Now you call it with positional arguments: function(3, 7)
Now you call it with keyword arguments: function(x=3, y=7)
Now you call it with both: function(3, y=7)

All from the same definition. An argument is positional or keyword
according to how it is given, not how it is defined.

 

[vbgunz]

I am sorry I hung you up on a typo Peter Hansen. On line 5 *arg4 should
have been *par4. I hope it makes complete sense now. Sorry.

 

[vbgunz]

Please allow me some time to look at your examples. I get hung up over
the smallest details because in my mind, my approach should have just
worked... I learned about these parameters reading "O'reilly Learning
Python 2nd Edition". On page 217 of the paperback or Chapter 13.5.6 in
the ebook, topic: 'Argument matching: The Gritty Details' mentions the
following in verbatim...

....'''
Moreover, Python internally carries out the following steps to match
arguments before assignment:
1. Assign non-keyword arguments by position.
2. Assign keyword arguments by matching names.
3. Assign extra non-keyword arguments to *name tuple.
4. Assign extra keyword arguments to **name dictionary.
5. Assign default values to unassigned arguments in header.
'''...

As you can probably tell, I tried to follow the steps exactly, except
step 5 got me lost so I tried not to question it. Anyhow, thank you
very much for your time and examples. I will get back to you as soon as
I am done putting your response to trial. Thank you!

 

[Terry Reedy]

Hello all,

I am just learning Python and have come across something I feel might
be a bug.

I feel it is more likely that there in a bug in the communication process
from the manual to you, on an admittedly somewhat confusing and complex
subject.

Please enlightenment me...

OK. Here is my attempt at a summary.

The parameters for a function are the local variable names listed in the
definition header in ()s after the function name. There may be any number
of regular parameters and up to two collection parameters.
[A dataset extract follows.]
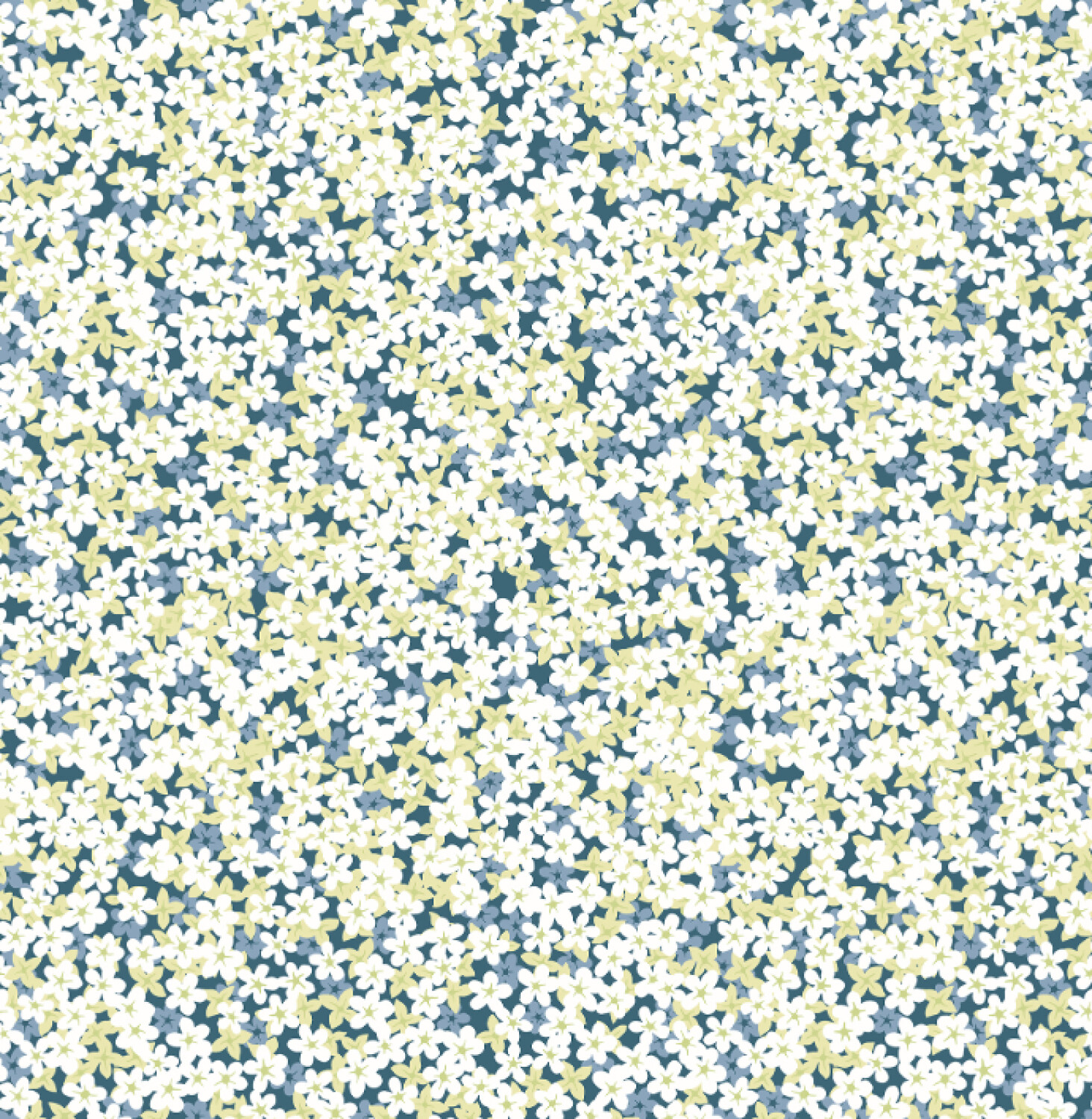 Invite a la belleza de la naturaleza a su decoración con este deslumbrante papel tapiz floral en miniatura. Las flores blancas, celestes y amarillas aparecen sobre un fondo azul marino. Giverny es un papel pintado sin pegar y sin tejer. - Material no tejido - Partido recto - Lavable - Instalación Pegar la pared - Medidas: 52 cm de ancho x 10 mts de largo * Sin cambio ni devolución

The arguments for a function call are the objects listed in ()s after the
function object (usually but not necessarily indicated by name).
Argument objects are the result of evaluating an expression.
An argument is optionally named by prefixing the expression with 'name=',
with the restriction that all args after a named arg must also be named.

Regular paramenter names (and slots of collection parameters) are bound to
argument objects by position or name according to the rules given in the
manual. At the end of the process, all parameters and arguments must
exactly one binding. (For parameters, the binding may be a default given
in the definition.) If not, an exception is raised and the call aborted.

How in the world do you provide an argument for *arg4?

You obviously mean par4. See below for how it gets a non-empty value.

def argPrecedence(par1, par2=0, par3=0, *par4, **par5):

Par1, par2, and par3 are regular parameters. They can by matched either by
position or name on a per-call basis. Mixing position and name matching in
any one call is strongly discouraged as confusing and error prone.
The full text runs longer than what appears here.